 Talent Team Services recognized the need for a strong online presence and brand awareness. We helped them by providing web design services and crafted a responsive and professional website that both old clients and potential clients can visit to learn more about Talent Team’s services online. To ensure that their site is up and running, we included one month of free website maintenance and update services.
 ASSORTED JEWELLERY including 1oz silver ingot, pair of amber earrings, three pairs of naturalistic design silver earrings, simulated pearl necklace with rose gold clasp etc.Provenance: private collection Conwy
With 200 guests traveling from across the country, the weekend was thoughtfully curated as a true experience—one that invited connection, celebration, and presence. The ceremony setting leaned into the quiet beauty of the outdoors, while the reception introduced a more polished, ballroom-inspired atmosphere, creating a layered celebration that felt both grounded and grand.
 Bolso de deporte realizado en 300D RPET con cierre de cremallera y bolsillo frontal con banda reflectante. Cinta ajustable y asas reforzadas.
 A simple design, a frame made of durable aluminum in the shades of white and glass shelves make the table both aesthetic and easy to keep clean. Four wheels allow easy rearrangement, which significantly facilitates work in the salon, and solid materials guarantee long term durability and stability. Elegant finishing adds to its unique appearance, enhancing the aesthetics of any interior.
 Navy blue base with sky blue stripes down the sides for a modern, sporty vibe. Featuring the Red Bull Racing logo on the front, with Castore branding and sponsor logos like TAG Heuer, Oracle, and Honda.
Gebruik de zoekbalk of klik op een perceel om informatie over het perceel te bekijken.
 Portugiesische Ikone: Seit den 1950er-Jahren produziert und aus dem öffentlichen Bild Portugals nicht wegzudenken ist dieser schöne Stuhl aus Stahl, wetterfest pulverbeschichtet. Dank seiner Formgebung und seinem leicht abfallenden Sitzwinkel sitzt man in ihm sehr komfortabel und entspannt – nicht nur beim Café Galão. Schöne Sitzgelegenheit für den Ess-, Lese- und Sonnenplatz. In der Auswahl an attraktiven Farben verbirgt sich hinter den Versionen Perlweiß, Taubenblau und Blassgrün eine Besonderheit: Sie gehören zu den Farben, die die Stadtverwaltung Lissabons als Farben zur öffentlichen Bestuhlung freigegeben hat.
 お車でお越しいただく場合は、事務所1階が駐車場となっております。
--- --- ---
#### [Description of the task]
All lines from the one with "A simple design, a" to the end of the records must be set down exactly. Skip every line before it.

#### [Written response]
 A simple design, a frame made of durable aluminum in the shades of white and glass shelves make the table both aesthetic and easy to keep clean. Four wheels allow easy rearrangement, which significantly facilitates work in the salon, and solid materials guarantee long term durability and stability. Elegant finishing adds to its unique appearance, enhancing the aesthetics of any interior.
 Navy blue base with sky blue stripes down the sides for a modern, sporty vibe. Featuring the Red Bull Racing logo on the front, with Castore branding and sponsor logos like TAG Heuer, Oracle, and Honda.
Gebruik de zoekbalk of klik op een perceel om informatie over het perceel te bekijken.
 Portugiesische Ikone: Seit den 1950er-Jahren produziert und aus dem öffentlichen Bild Portugals nicht wegzudenken ist dieser schöne Stuhl aus Stahl, wetterfest pulverbeschichtet. Dank seiner Formgebung und seinem leicht abfallenden Sitzwinkel sitzt man in ihm sehr komfortabel und entspannt – nicht nur beim Café Galão. Schöne Sitzgelegenheit für den Ess-, Lese- und Sonnenplatz. In der Auswahl an attraktiven Farben verbirgt sich hinter den Versionen Perlweiß, Taubenblau und Blassgrün eine Besonderheit: Sie gehören zu den Farben, die die Stadtverwaltung Lissabons als Farben zur öffentlichen Bestuhlung freigegeben hat.
 お車でお越しいただく場合は、事務所1階が駐車場となっております。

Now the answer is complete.